In about 900 a.d. in the southwestern section of North America There started to come into being what we now refer to as the Chacoan phenomenon. For awhile, archaeolgists thought that small settlements of pit house dwellers had formed into larger groups and started building large apartment houses. There are differing speculations about where these people actually came from, each with it's own set of archaelogical evidence to back their theory. Certainly the most interesting theory I have found is in the book The Chaco Meridian by archaeologist Stephen Lekson. His detailed examination of the shared longitudinal meridian and the time line development of the three "capital" cities of Chaco Canyon, Aztec Ruins (NOT the Aztecs of Mexico itself but a Chacoan Great House in northern New Mexico), and Casa Grande in Mexico is one I highly recommend reading. Now scientists know that the small pit house "outliers" that surrounded these beautiful pueblos were contemporaneous.

Some of these Great Houses had over 1,000 rooms in them. They were very beautiful and very well built. All of the rooms were not used for living in, many were for food storage. Still it remains, many of them were beautifully made with bands of different color rocks. Some had what is known as tri wall construction, with the center section filled with small stones and earth. Some were elaborately painted inside and out with dyes made from local pigments. There was not a building of comparable size built in North America until the 1880's. In some cases the trees used for roof beams were carried in from 40-80 miles away. By hand.

The residents of the outlying pithouses were farmers. Their houses were smaller, their diets were more limited in both quality and quantity. The elite appear to have have lived in the Great Houses. Each Great House shared some common features. One was Kivas. Kivas are circular buildings built partially underground. There are typically many kivas of varying size in each pueblo. I have been in Kivas ranging from simple buildings 12 feet across to some that were very elaborate builings 80 feet across. The word that spings to mind when standing inside one of those larger kivas was "Temple", for me. They have many shared features such as niches spaced around the outer walls, deep pits, secret entrances from the outside, and outer wall benches. It is now believed that they were used for religious or civic ceremonies. Since most tribes are divided into clans they may have also been used for clan rituals.

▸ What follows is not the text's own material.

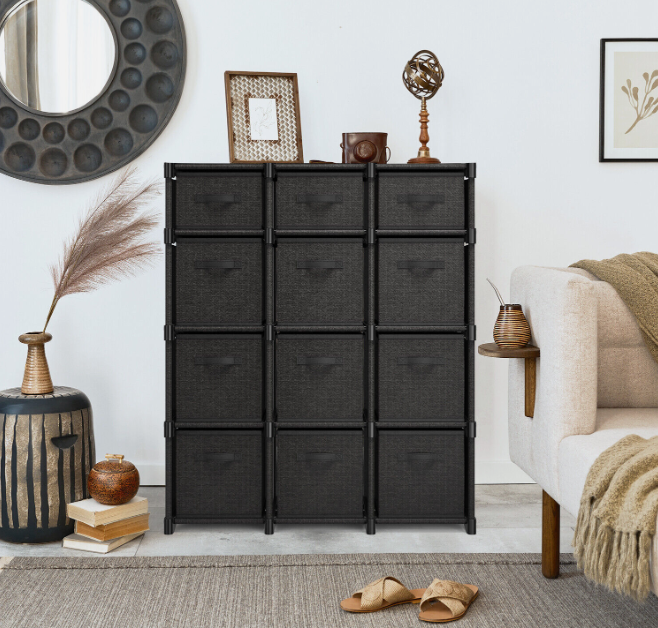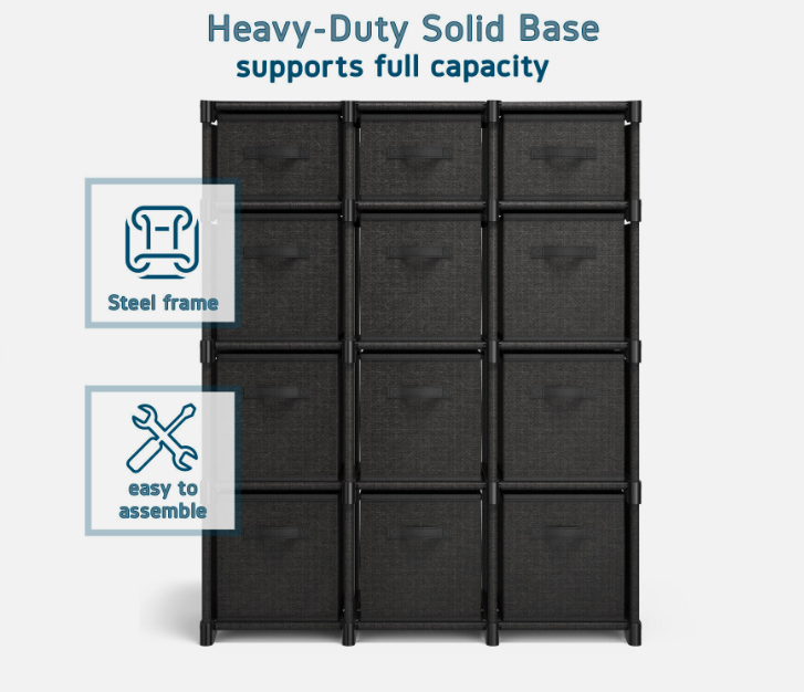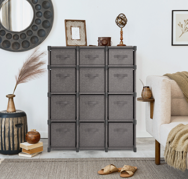 • 12 Cube Size Includes: 9 large bins measuring 10.4” L x 10.4” W x 11” H and 3 small bins measuring 10.4” L x 10.4” W x 5.3” H. Total dimensions 36.1” L x 11.9” D x 42.7” H.

The Great Houses were Chacoan religious and trade centers. There was an extensive trade network stretching south into Mexico and west all the way to the California coast. Archaeologists have found shell jewelry made from shells of the California coast. There are feathered cloaks made from parrots found in Mexico. There was cannibalism. Yes, contrary to the long held image of the Chacoans as a peaceful society, there is much evidence of violence. It could be that the people who lived in the Great Houses of Chaco were a group from the south and that the pit house dwellers were a native population (from the Mesa Verdean culture) conquered or convinced by the power, splendor and/or the religion of the Chacoans.

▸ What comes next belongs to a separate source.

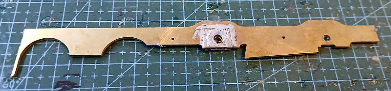 The first problem was that whilst most of the models had frames with just a small pilot hole for the driving axles the 700 frames were different. The front axle had a square hole which was intended to use a sprung hormblock. As I didn't want to introduce this level of complexity I decided to solder a nickel silver hornblock blanking plate and mount the top hat bearing in the hole in the plate. In order to get the axle holes in the correct place after soldering the plates into the frames I soldered the frames together ensuring that the pilot holes for the brake rods and rear axle were exactly aligned. Then the two top hat bearings were aligned with a spare axle rod and the bearings soldered in place.

The early Great Houses had large open plazas where most of daily life was carried on. Women met there to grind corn into meal, to make pots, and to cook many of the meals. Jewelry and baskets were made there. There were no defensive walls in the early Great Houses. They had devised several irrigation systems to channel water run-off from the mesas and canyons into the farmed plots on the canyon floors. They had learned to grow different varieties of corn according to the location and altitudes of their farms. The people moved numerous times. Sometimes they lived in clif dwellings built into canyon walls, sometimes on canyon floors and sometimes they moved to mesa tops for self defense in periods when they were threatened by roving bands of hunter-gatherers. Rainfall, crop failures, and warring tribes probably all played a part in what appears to be a sudden collapse of the Chacoan system. They did not die or disappear though. Traces of them remain on in the southwest and in Mexico. Some of them joined the Pueblo towns. The Pueblo in Taos is an active community to this day. It is the site of the longest continually inhabited site in North America.

Where Did They Go?


Most Great Houses were deserted suddenly in the mid 1100's. Within a few short years, they moved out and away from most of their beautiful homes. Some left so hurriedly, there was food left in bowls.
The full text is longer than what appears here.